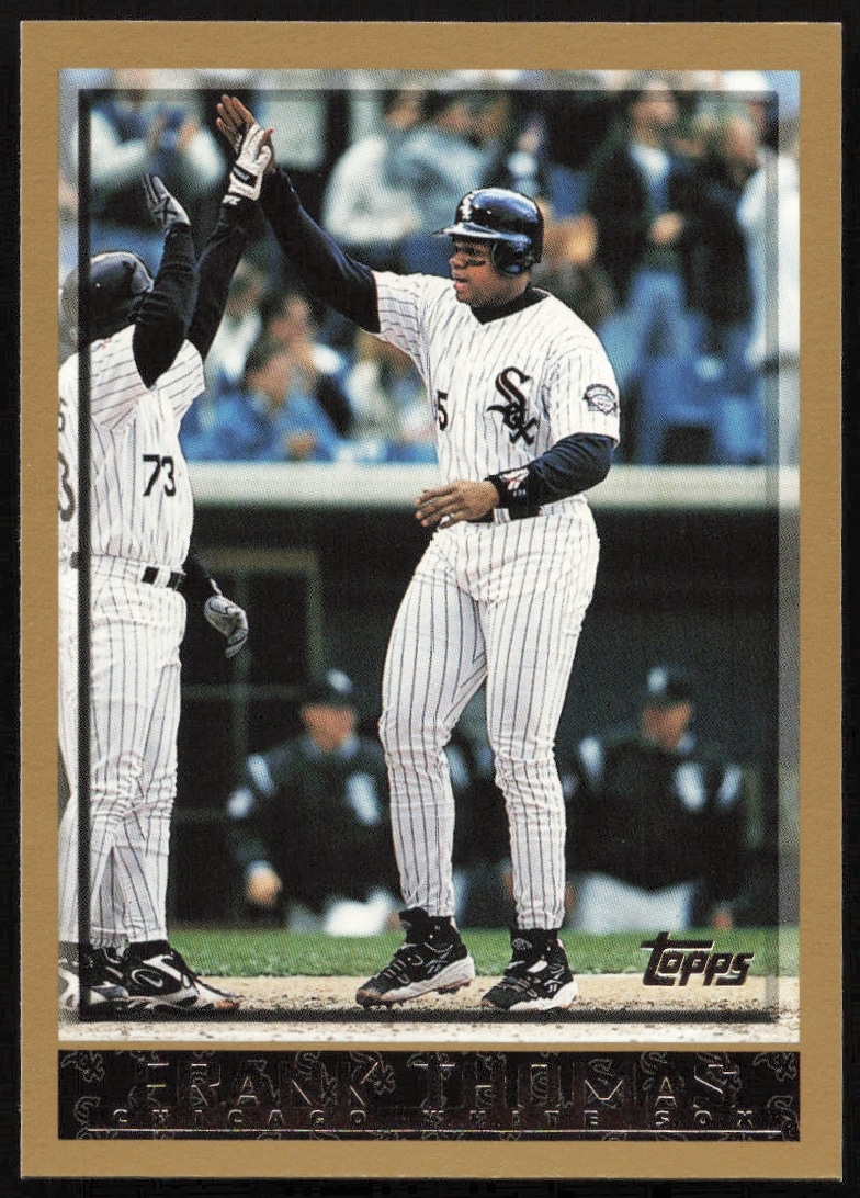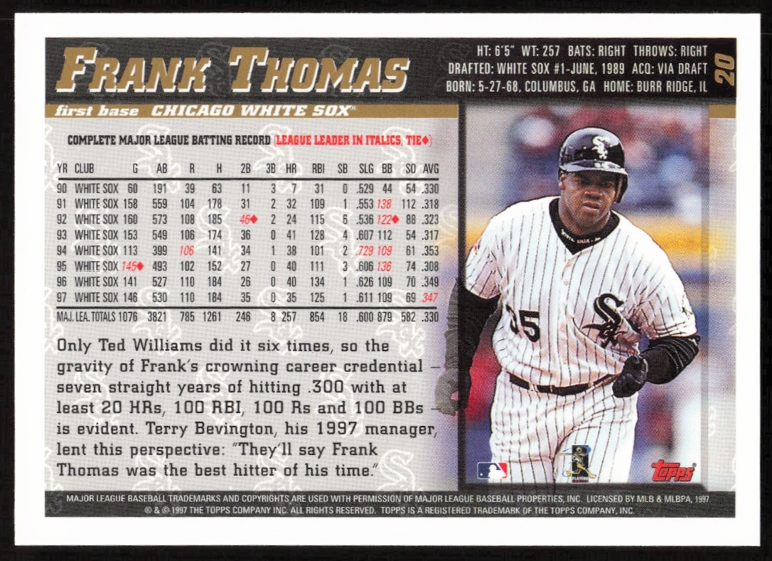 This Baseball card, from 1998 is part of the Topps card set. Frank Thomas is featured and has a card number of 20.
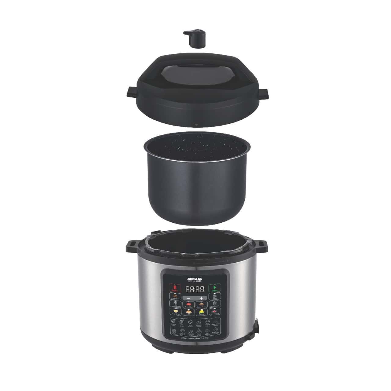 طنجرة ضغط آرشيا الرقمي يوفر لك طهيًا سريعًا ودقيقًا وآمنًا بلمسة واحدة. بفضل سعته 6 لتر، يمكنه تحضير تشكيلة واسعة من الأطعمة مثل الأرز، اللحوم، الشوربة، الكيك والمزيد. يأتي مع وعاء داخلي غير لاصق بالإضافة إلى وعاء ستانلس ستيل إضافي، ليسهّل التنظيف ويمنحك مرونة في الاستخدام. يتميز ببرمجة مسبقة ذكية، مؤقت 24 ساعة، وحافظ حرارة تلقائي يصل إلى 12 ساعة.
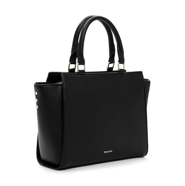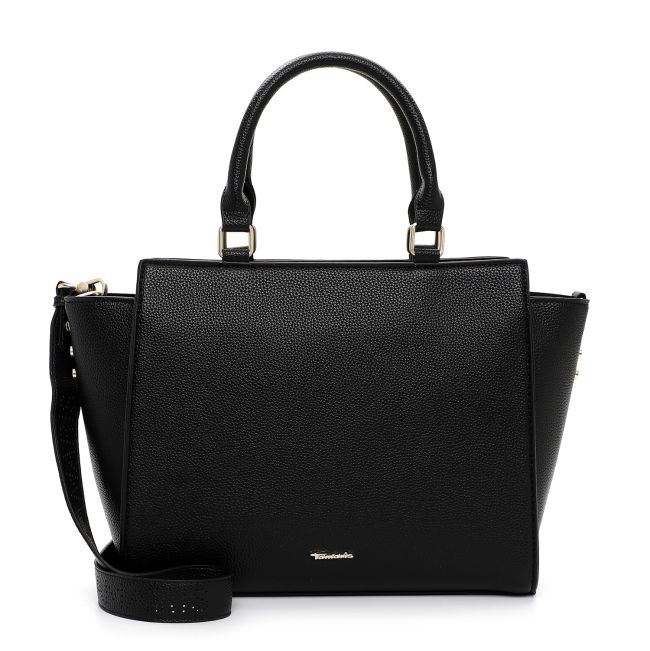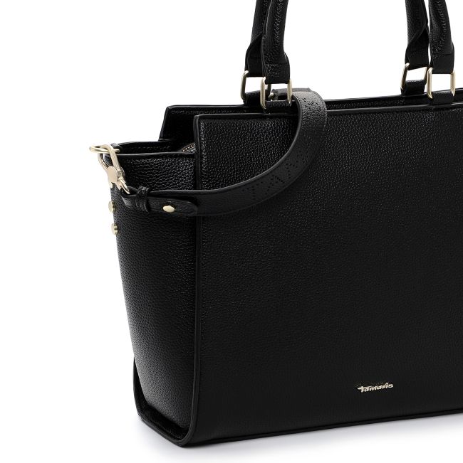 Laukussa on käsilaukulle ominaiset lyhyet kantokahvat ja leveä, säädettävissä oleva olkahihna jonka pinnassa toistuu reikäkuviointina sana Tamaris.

--

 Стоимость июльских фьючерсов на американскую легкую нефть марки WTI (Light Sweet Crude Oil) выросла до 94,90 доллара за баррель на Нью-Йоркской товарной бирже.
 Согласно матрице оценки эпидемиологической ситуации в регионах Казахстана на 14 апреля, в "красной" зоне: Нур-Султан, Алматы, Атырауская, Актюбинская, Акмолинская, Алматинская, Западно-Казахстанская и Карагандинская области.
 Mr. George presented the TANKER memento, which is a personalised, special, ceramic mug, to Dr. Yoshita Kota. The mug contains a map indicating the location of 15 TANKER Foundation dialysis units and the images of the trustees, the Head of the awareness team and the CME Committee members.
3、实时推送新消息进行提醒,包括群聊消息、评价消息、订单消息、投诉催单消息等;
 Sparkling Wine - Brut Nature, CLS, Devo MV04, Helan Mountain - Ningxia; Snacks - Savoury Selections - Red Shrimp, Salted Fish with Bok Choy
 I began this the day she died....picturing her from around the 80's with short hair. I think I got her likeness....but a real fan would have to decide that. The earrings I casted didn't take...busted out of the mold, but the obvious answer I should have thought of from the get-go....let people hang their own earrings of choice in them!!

## WHAT IS BEING ASKED
Within the listing above, find the line containing "This Baseball card, from" and the line containing "طنجرة ضغط آرشيا". Transcribe them and everything between them exactly, leaving out the pictures.

## RESPONSE AREA
 This Baseball card, from 1998 is part of the Topps card set. Frank Thomas is featured and has a card number of 20.
 طنجرة ضغط آرشيا الرقمي يوفر لك طهيًا سريعًا ودقيقًا وآمنًا بلمسة واحدة. بفضل سعته 6 لتر، يمكنه تحضير تشكيلة واسعة من الأطعمة مثل الأرز، اللحوم، الشوربة، الكيك والمزيد. يأتي مع وعاء داخلي غير لاصق بالإضافة إلى وعاء ستانلس ستيل إضافي، ليسهّل التنظيف ويمنحك مرونة في الاستخدام. يتميز ببرمجة مسبقة ذكية، مؤقت 24 ساعة، وحافظ حرارة تلقائي يصل إلى 12 ساعة.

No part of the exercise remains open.